2. Proposed Methodology

The usage of Implicit Ontologies pioneered by the project supervisor paved way with the idea behind to exploit the list of prominent terms, focusing on the Subject-domain. These terms mainly revealing subject-specificity, have been comfortably thought to be available at front-page 'table-of-contents'. These could be presumed to be implicitly available as portions of available text in soft format say in form of scanned 'read-only'; pdf documents and e-books for a given set of topics as focused terms. Consequently, the so constructed chapter-header index was used as a set of seed words to trigger the whole set of subject vocabulary as a back-index of the book. Figure 1 shows the PFD.
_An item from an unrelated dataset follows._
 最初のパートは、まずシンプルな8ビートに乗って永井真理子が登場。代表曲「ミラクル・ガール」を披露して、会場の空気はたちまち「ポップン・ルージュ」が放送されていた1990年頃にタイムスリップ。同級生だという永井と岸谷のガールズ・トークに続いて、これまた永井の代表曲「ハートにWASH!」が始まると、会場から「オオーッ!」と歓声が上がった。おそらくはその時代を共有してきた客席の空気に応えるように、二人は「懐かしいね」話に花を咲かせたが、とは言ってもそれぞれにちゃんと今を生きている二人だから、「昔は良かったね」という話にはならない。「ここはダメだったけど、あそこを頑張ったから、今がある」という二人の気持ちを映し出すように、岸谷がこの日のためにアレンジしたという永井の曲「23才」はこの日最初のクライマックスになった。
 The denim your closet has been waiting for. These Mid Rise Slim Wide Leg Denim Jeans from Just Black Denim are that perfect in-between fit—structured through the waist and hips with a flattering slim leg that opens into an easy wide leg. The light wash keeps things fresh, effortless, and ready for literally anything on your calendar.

Figure 1. Process Flow Digram (PFD)

3. Preprocessing of the Document

Input corpus of search from Database Management Systems with book of topic search: “Modern Database Management Eighth Edition” authored by Jeffrey A. Hoffer, MaryB. Prescott and Fred R. McFadden. Firstly the content of the book needs to be extracted from .pdf files. Apache PDFBox™ was the best tool available for text extraction from every type of .pdf files. It managed to handle the distorted text and replaced them with equivalent characters with the help of image processing. Further, 'pdfbox' tool worked for all versions of pdf documents, and reflected the structured content pagewise. Further processing was to convert to required XML file format along with tailored identification tags. These tags were needed to identify chapter / section / sub-section / paragraph boundaries, so that page-accession operations could be performed only upon the targeted paragraphs with negligible execution times. Figure 2 shows a tagged section of a chapter.
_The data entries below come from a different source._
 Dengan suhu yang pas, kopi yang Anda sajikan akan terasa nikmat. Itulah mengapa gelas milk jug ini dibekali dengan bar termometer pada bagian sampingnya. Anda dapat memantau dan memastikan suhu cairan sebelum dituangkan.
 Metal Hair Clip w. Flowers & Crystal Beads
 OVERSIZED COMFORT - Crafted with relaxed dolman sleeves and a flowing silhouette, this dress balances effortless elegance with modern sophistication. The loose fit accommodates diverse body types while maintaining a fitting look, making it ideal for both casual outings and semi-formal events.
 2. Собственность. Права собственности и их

Figure 2. Tagged Section of a Chapter

The proposed tool makes use of Java implementation of probabilistic natural language parser, a free download from Stanford Group Stanford dependency manual [4].The POS Tagger reads English text and assigns parts of speech to each word (and other token), such as noun, verb, adjective, etc., although generally applications use more fine-grained POS tags like 'noun-plural'.

3.1 Treatment of Grammatical Constituents

Figure 3. Snapshot represents the Chapter tagged .xml file

Figure 4. The Stanford parser interface

Figure 5. A Snapshot Showing Generation of Noun Phrases

4. Implementation and Results

The back index for which the book of Data Base Management System by Henry F.korth. Eighth Edition was chosen. The content was provided with text format in '.xml' extension. The .xml file contained Chapter tags with subsequent sections and also the paragraph tags. Figure 3 shows snapshot that represents the Chapter tagged .xml file of chapter 1 along with their page number and section number.
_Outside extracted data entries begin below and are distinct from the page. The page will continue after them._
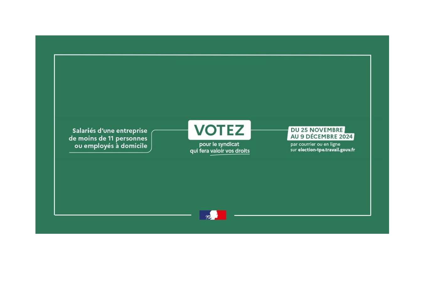𝗗𝘂 𝟮𝟱 𝗻𝗼𝘃𝗲𝗺𝗯𝗿𝗲 𝗮𝘂 𝟵 𝗱é𝗰𝗲𝗺𝗯𝗿𝗲 𝟮𝟬𝟮𝟰, les salariés des très petites entreprises (moins de 11 salariés) choisiront les syndicats qui vont les représenter…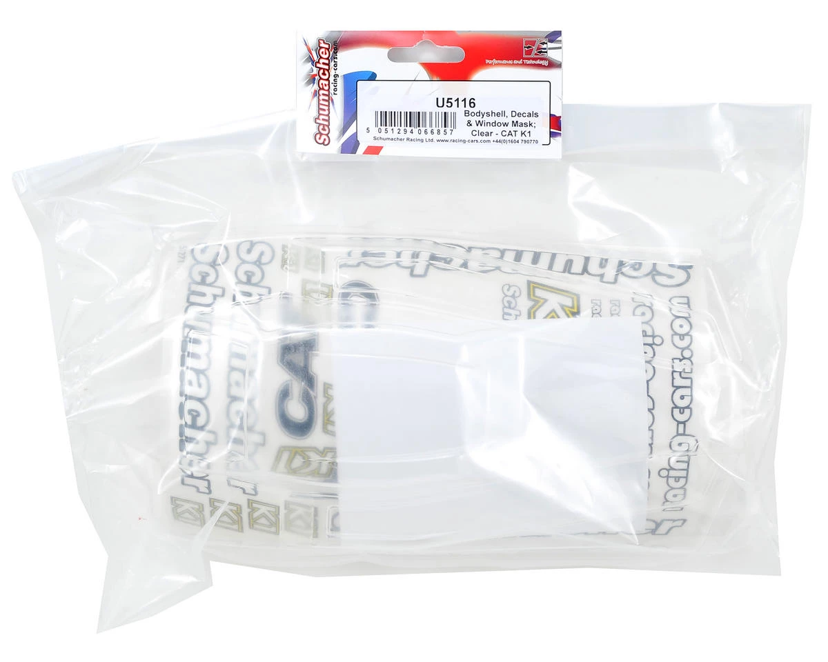 This is a replacement Schumacher Clear Body, and is intended for use with the Schumacher CAT K1 1/10 scale 4WD buggy. This body also includes a decal sheet and window masks.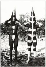 Es interesante ver las semejanzas:- cuerpos pintados- actitud ritual de las manos- extensiones (¿gorros?) en forma de conos-uso del negro y blanco
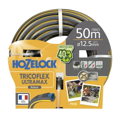 General description The Hozelock 7950 Tricoflex Ultramax Anti-Crush Hose is designed for durability and ease of use. With a robust outer layer, this hose is built to last for many years, making it an excellent choice for garden watering needs. Technical specifications Length: 50m Structure: 5-layer knitted, reinforced Technology: TNT™ (Tricoflex Non Torsion) Features: ErgoRibs for improved grip Soft & Flex Technology for resistance to kinking Guarantee: 25 years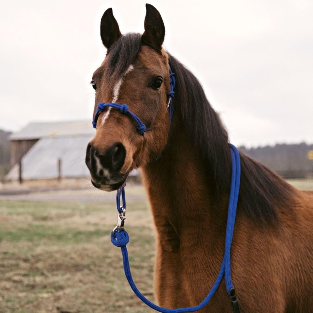 Premium 1/2" Samson EQ Yacht Braid Lead Rope with Nickel Trigger Bull Snap. Option for 12ft, 14ft and 16ft Lengths (Blue, 12 FT)

To select the key terms from the content of the book, the front index provided is used. Selected key terms from the front index and the related words which are noun phrases are added to the back index. To select the noun phrases, the inter relation between the words are required. The Stanford type-dependencies manual was used to find the relations between the word and phrases. The Stanford type-dependency manual provides 55 dependencies(as mentioned in previous chapter) which relate the words and phrases from each other. This Stanford typedependency manual is used to create a Stanford parser using Java. The parser takes the input as text file and generate the dependencies. As mentioned above, the text of the book was made as text document with chapter, section and paragraph tags and given file extension as .xml was made as input to the Stanford parser. The following is taken from the interface designed for the Stanford parser. Figure 4 shows the Interface for the Treated Dependencies.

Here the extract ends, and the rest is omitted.